Había cambiado su vestimenta occidental, que llevaba la última vez que la había visto, por un vestido largo, similar a los que usaban las mujeres indias de la zona. Cubría sus hombros con un chal e iba descalza. El vestido no la hacía aparecer más vieja ni más pesada sino que le daba un aspecto de niña enfundada en ropas de mujer mayor.
Se acercó a la mesa y saludó a la Gorda con un formal «Buenas noches, Gorda». Se volvió a mí y dijo: «Buenas noches, Nagual».

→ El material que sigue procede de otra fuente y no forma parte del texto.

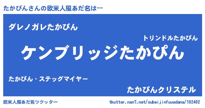| 男性向けラノベタイトル風あだ名 | 『Re:たかぴんから始める異世界生活』 |
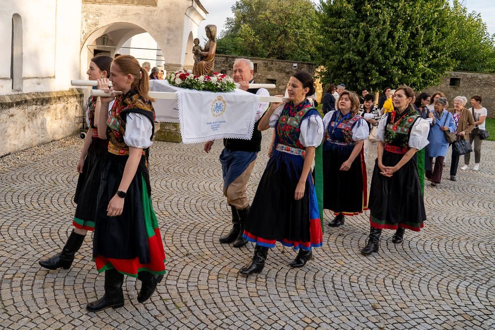 27. 07.2025. na inicijativu farnika Branka Kornfeinda su se gradišćanski tamburaši ganuli na shodišće, da pozdravu Blaženu Divicu Mariju. Pojavili su se svirači, ali zahvaljujući njim se je pojavila bogato kulturno jerbinstvo, nošnje, hrvatske marijanske jačke Gradišćanskih Hrvatov u trenutačnom prebivališću Putujuće Celjanske Marije u Vulkaprodrštofu.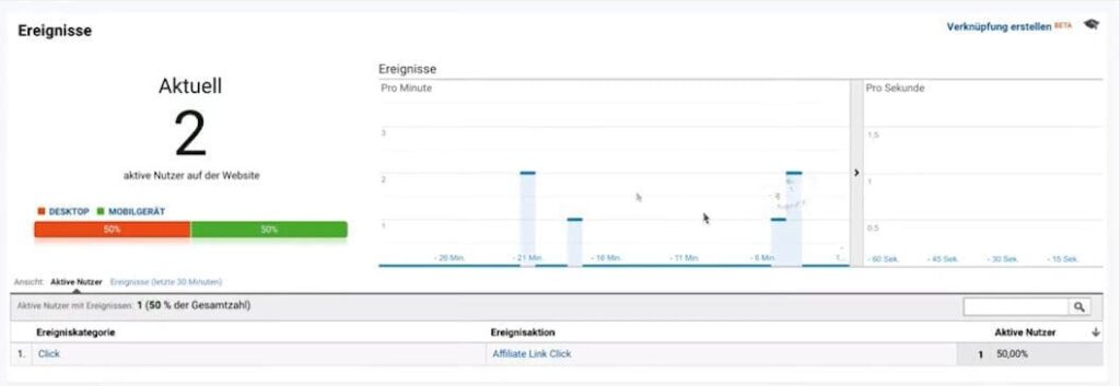 Unter Echtzeit und dann Ereignisse siehst Du beispielsweise, dass unser aktiver Nutzer gerade einen Affiliate-Link angeklickt hat: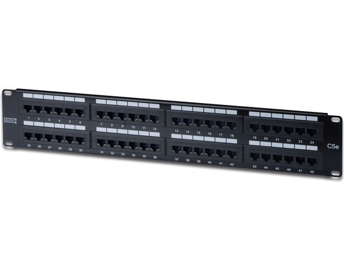 - testováno pro CLASS E, až 250 MHz - 3P certified, permanent & Channel Link certified - 1,2mm tloušťka plechu - nestíněné RJ45 samice 8P8C - do 19" racku, 2U výška - instalace kabelů LSA stripem - barevné kodování dle EIA/TIA 568B - patch panel osazený 48 x RJ45 s narážecími konektory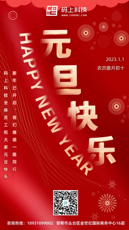 新的一年開(kāi)啟新的期望,新的期望承載新的夢(mèng)想,碼上科技希望與各位繼續(xù)保持友好合作關(guān)系,用心前行,筑夢(mèng)遠(yuǎn)航,攜手共創(chuàng),輝煌佳宗,愿我們今年比去年更輝煌,事業(yè)更順利路越走越好!2023新的一年,我們一起共輝煌!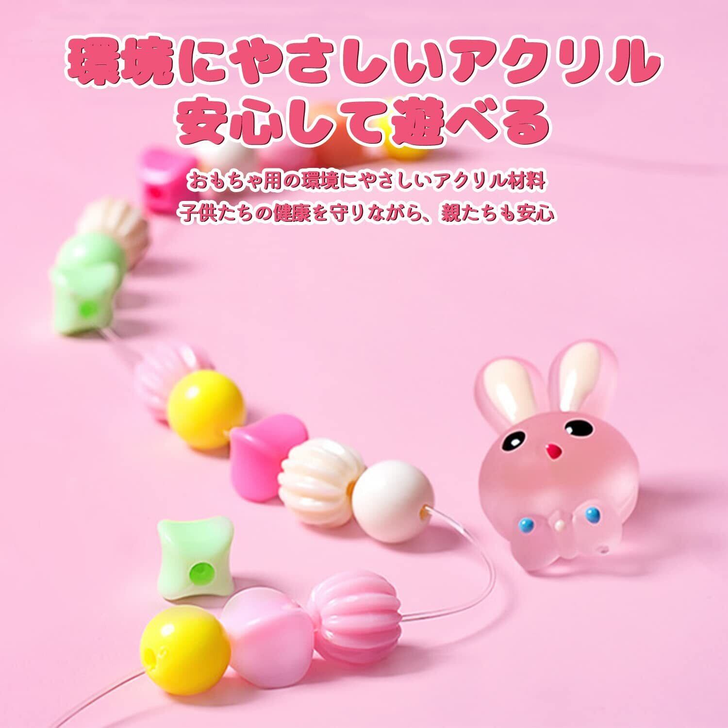 HUAZONTOM ビーズ 手芸 ビーズ おもちゃ 女の子 アクセサリー キット ビーズ セット カチューシャ キッズ ジュエリー 知育玩具 クリスタルビーズ メイキングトイ ブレスレット ネックレス 手作りキット ハンドメイド 手芸キット 子供の日 クリスマス 小学生 プレゼント DIY ウサギ キラキラセット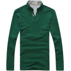 綠色男款V領(lǐng)長(zhǎng)袖T恤衫工廠加工制作 可寄樣品
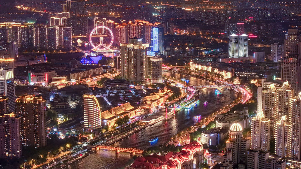 夜幕降臨,海河兩岸璀璨絢麗、千變?nèi)f化:高層建筑披上燈光外衣,勾勒出兩岸高低協(xié)調(diào)、錯落有致的天際線;跨越在海河兩岸的座座橋梁,如長虹臥波、玉帶蜿蜒;游人排隊乘坐永樂橋“天津之眼”摩天輪,座艙升至最高處,可將大半座城市的繁華盡收眼底……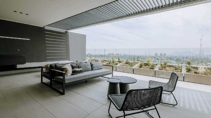 bodega de encomiendas. Gimnasio interior y exterior. Lavandería. Salón multiuso con salida a jardín. Juegos infantiles. Piscina para adultos y niños. Jardín con pérgola. Estacionamientos con factibilidad de carga eléctrica. Bicicleteros para residentes. Cerco elé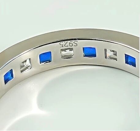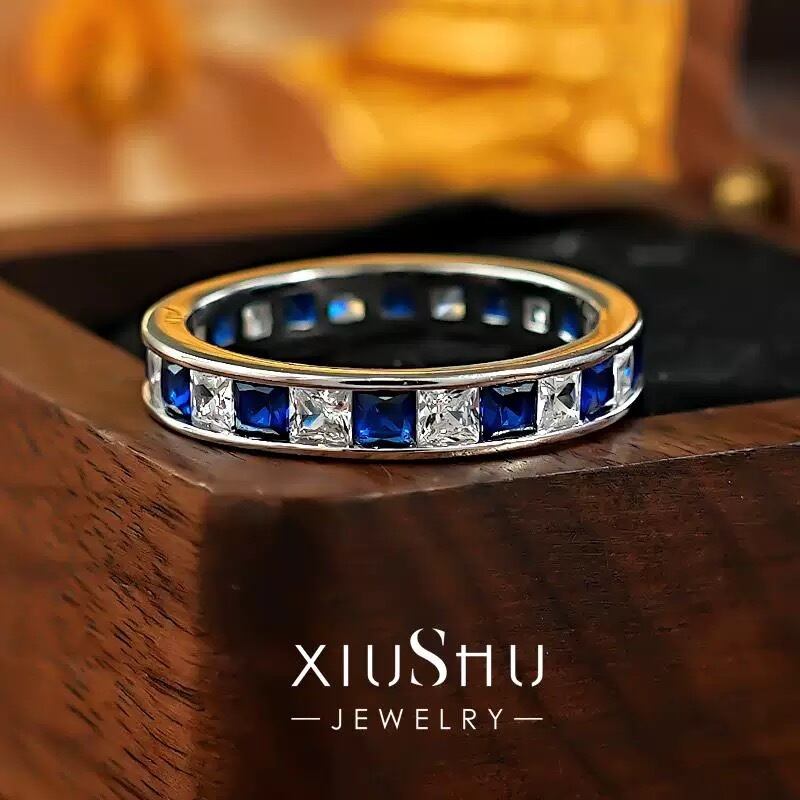 スクエア 人工ロイヤルブルーサファイア 高炭素ダイヤモンド キラキラ ゴージャス フルエタニティリング ブルー 青 指輪 ハイカーボンダイヤモンド 小さめ ベゼルリング | キラキラゴージャスジュエリーのXIUSHU(シュシュ)
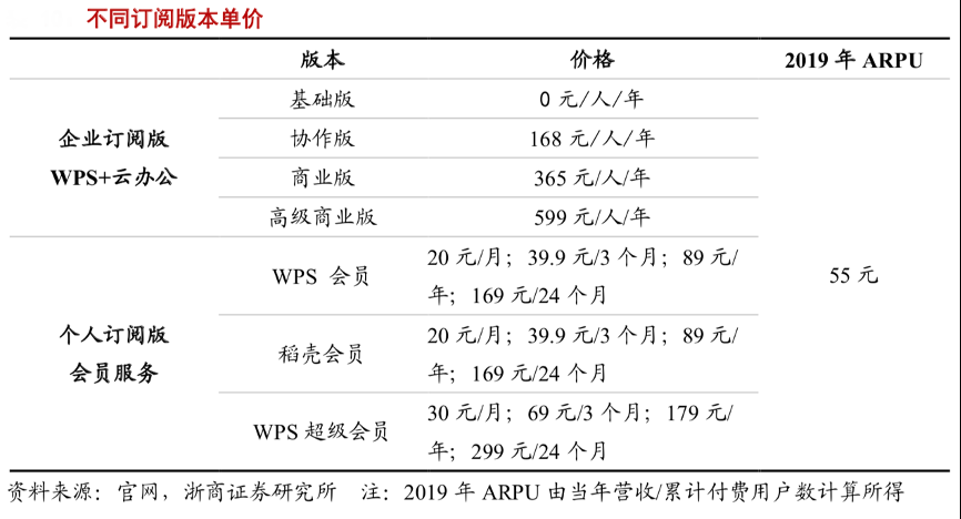 經(jīng)典案例:根據(jù)官網(wǎng)、浙商證券研究所等綜合資訊表明,由于銷售過(guò)程伴隨著優(yōu)惠、渠道分傭,根據(jù)當(dāng)年?duì)I收/累計(jì)付費(fèi)用戶數(shù)計(jì)算所得,目前金山辦公訂閱用戶會(huì)員客單價(jià)約為 55 元。隨著公客戶粘性的持續(xù)提升、話語(yǔ)權(quán)提高,以及新增功能模塊,中小企業(yè)市場(chǎng)云辦公的大力拓展,中長(zhǎng)期機(jī)構(gòu)、個(gè)人訂閱客單價(jià)有望提升至 250 元/年和 130 元/年。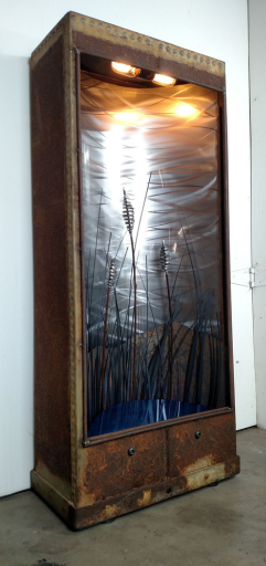 Inspired by the space era of the 50’s and 60’s, the 1- 2 foot rocket ship models, composed of recycled and reclaimed vintage parts blended with updated fabrication from 18 gauge steel. These retro originals stand alone and uncontested delivering a powerful dialog of imagination and design. This durable Statement art was created with the intention to evoke an environment of masterful artisanship while blending with contemporary and atomic interior design.

Su saludo fue tan inesperado y su tono tan serio que estuve al borde de la risa. Capté una advertencia disimulada en la Gorda. Fingía rascarse la cabeza con el dorso de la mano izquierda.
Respondí tal como lo había hecho la Gorda: «Buenas noches, Lidia».
Se sentó en el extremo de la mesa, a mi derecha. No sabía si debía iniciar una conversación. Estaba por decir algo cuando la Gorda me tocó la pierna con la rodilla y, con un sutil movimiento de cejas, me indicó que escuchara. Volví a oír el roce de una tela contra el suelo. Josefina se detuvo un momento en la puerta antes de aproximarse a la mesa. Nos saludó: a Lidia, a la Gorda y a mí, en ese orden. No logré verla de frente. También llevaba un vestido largo y un chal, e iba descalza. Pero en su caso la ropa era tres o cuatro tallas más grande y había metido en ella un espeso relleno. Su aspecto era totalmente estrafalario; su rostro se veía delgado y joven, pero su cuerpo estaba grotescamente inflado.
Cogió un banco, lo llevó hasta la cabecera izquierda de la mesa y se sentó en él. Las tres parecían sumamente serias. Estaban sentadas con las piernas juntas y las espaldas rígidas.
Volví a percibir el rumor de ropas arrastradas y entró Rosa. Su vestimenta era similar a la de las otras y tampoco estaba calzada. Su saludo fue igualmente formal y la lista previa a mí incluyó a Josefina. Todos le respondimos en el mismo tono. Se sentó a la mesa frente a mí. Permanecimos en total silencio por un buen rato.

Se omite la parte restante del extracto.